Vallance breathes new life into Rishi Sunak’s ‘Dr Death’ persona

Commentary Opinion

Sir Patrick Vallance has breathed new life into Rishi Sunak’s image as Dr Death at the Covid Inquiry after evidence revealed the prime minister said the government should “just let people die” during the pandemic.

Vallance – the government’s chief scientific advisor (CSA) when Covid hit – also contradicted Sunak’s written evidence to the inquiry in the latest round of explosive testimony from the ongoing Covid inquiry.

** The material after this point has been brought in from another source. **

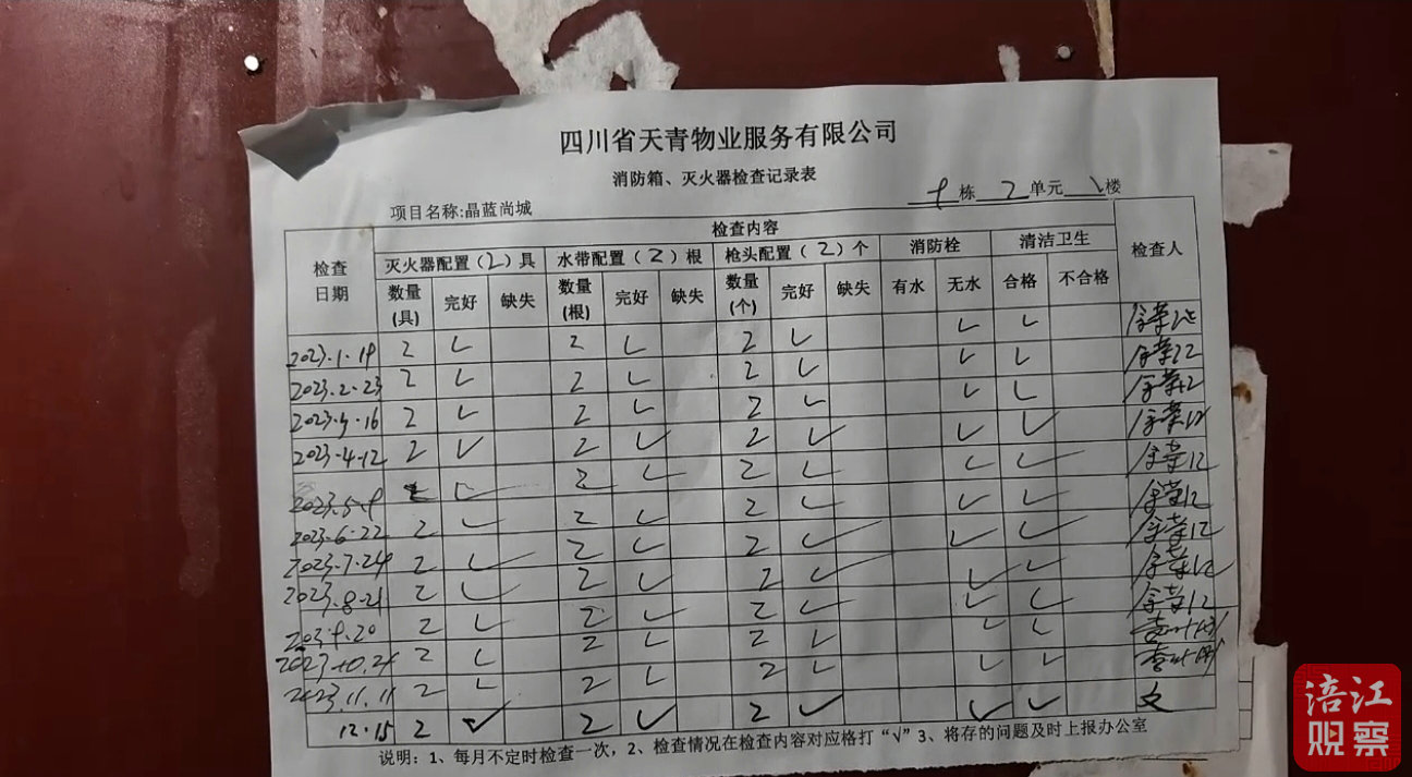 記者實地查驗發(fā)現(xiàn),該小區(qū)消火栓內(nèi)的消防水管嶄新,無使用痕跡,打開后卻沒有水流。而消火栓上張貼的物業(yè)巡查臺賬顯示,早在2023年,該問題已被標注。

Aside from validating the perception of callous Conservatives being “the nasty party”, the CSA’s account further undermines Dr Death’s promises, not least that his regime would be one of “integrity, professionalism and accountability at every level”.

Sunak was chancellor during the pandemic and a key voice around the cabinet table as arguments raged about the looming second lockdown in October 2020.

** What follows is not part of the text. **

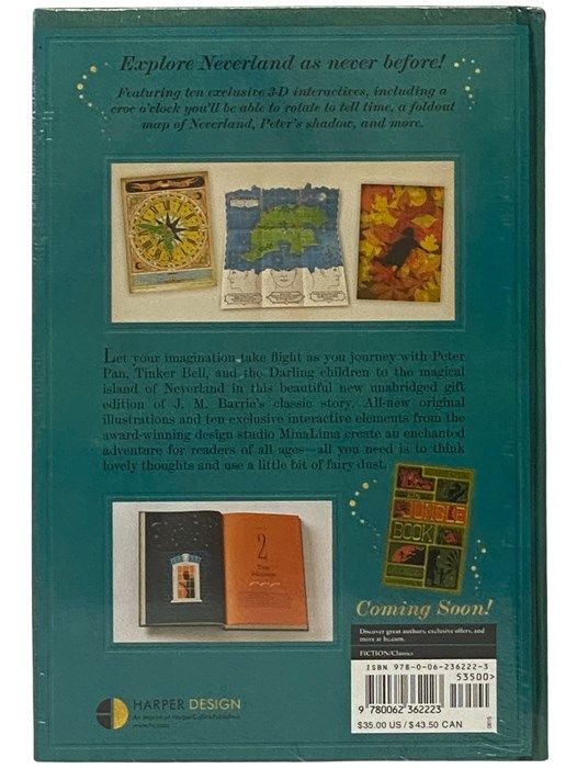 Harper Design, 2015. Hard Cover. Fine/No Jacket. 6x1x9. MinaLima. New. Still ink shrink wrap. 2015 Hard Cover. 256 pp. J. M. Barrie's classic children's story is reimagined in this delightful full-color deluxe edition filled with all-new illustrations and ten removable features specially designed by MinaLima, the award-winning design studio behind the graphics for the Harry Potter films. For more than a century, the adventures of Peter Pan - the boy who can fly and never grows up - and Wendy Darling have captured the hearts of generations of readers. In this enchanting illustrated volume, the fantastical world of Neverland and its magical inhabitants, including the Lost Boys, Captain Hook, Tiger Lily, and the beloved Tinker Bell, are brought to life like never before. Peter Pan is packed with a lush array of colorful illustrations and interactive removable features, including a detailed map of Neverland, a croc o'clock with hands you can rotate to tell time, Peter's shadow, and more. Beautiful and captivating, filled with breathtaking artwork, this stunning book is sure to become a treasured keepsake for fans of all ages.

According to Vallance’s contemporaneous diaries – ones he said he wrote as a “brain dump” to protect his mental health and never expected to be made public – ministers clashed and disagreed with advisers about what to do. The shambles showed a “complete lack of leadership”, Vallance wrote in his entry for October 25 2020.

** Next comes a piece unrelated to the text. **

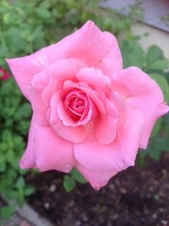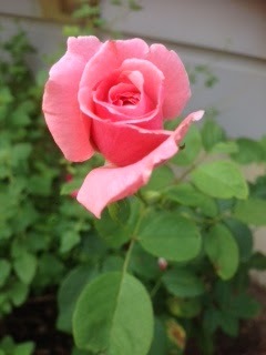 A few months ago, we toured the garden and she showed me a rose plant in a pot with a giant pink bloom. She said she had two cuttings rooted and I could have one. She found her shovel and worked the ground with it. The grasped the main stem and pulled. It came out all right, but not with ideal roots. We both frowned and wondered if this one would make it. She said to try and if not, I could have the other one.
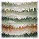 A serene and atmospheric watercolor painting depicting rolling hills and forested landscapes shrouded in mist. The artwork uses a soft palette of greens, browns, and muted earth tones, with layered washes creating a sense of depth and distance. The brushstrokes evoke the texture of trees and foliage, giving the impression of a peaceful, fog-laden forest.

In it, Vallance writes that Dominic Cummings (“DC”) was “rightly” arguing to introduce the inevitable second lockdown “sooner rather than later”. Then PM Boris Johnson was dallying. The entry continues: “Looks like we are in a really tough spot, a complete shambles. I really don’t want to do another national lockdown’.

“PM told that if he wants to go down this route of letting go, ‘you need to tell people – you need to tell them you are going to allow people to die’ […] Conclusion – beef up the tiers – consider a national lockdown – decide by when.

“DC says ‘Rishi thinks just let people die and that’s okay’.

“This all feels like a complete lack of leadership.”

It was another 11 days before the second lockdown was introduced.

The devastating critique was compounded soon after as Vallance told the inquiry he, as the chief scientific adviser, was not told about Sunak’s signature “Eat Out To Help Out” scheme before it was announced.

He said the scheme “is highly likely to have” increased Covid infections. “I think it would have been very obvious to anyone that this inevitably would cause an increase in transmission risk, and I think that would have been known by ministers,” said Vallance.

Not only does the testimony make a nonsense of the government’s claim it was “following the science” throughout the pandemic, it does similar to Sunak’s relationship with the truth.

In his written evidence to the inquiry, Sunak explicitly denies ministers were warned against “Eat Out To Help Out”. The now PM writes: “I do not. recall any concerns about the scheme being expressed during ministerial discussions, including those attended bye the CMO [chief medical officer Chris Whitty] and the CSA [chief scientific adviser Vallance”.

Eat Put To Help Out may have helped the balance sheet of restaurants (temporarily) but it didn’t help the NHS, schools, or the vulnerable who ended up paying with their lives. The only apparent cost to Sunak, the architect of the policy, has been some tarnishing of his carefully – and expensively – curated brand. Ironically, it was Prof Dame Angela McLean – former top government scientist and now Vallance’s successor as CSA – who coined the PM’s Dr Death moniker in a Whatsapp message to a colleague when she learned about Eat Out To Help Out in media reports.

Responding to Vallance’s testimony was Green party MP Caroline Lucas, speaking for many about what she described as “Sunak’s grossly irresponsible Eat Out to help Out scheme”. Posting on social media, Lucas added: “He is to blame for the damage caused. He needs to be held accountable.”

But he won’t be by the Covid inquiry given it lacks any authority beyond investigating what went on during the pandemic. Parliament itself has long shown a reluctance to deal with miscreants and misleaders, especially from those at the top of the greasy pole so it will be down to the electorate to determine at the next general election.

It will likely be January 2025 when they get to do so meaning Brand Rishi still has plenty of time to cast off the Dr Death cloak, dispense fully of the Hi Risk Anus anagram and trust in time and favourable media coverage to complete a revamp and (yet unlikely) revival of Tory fortunes.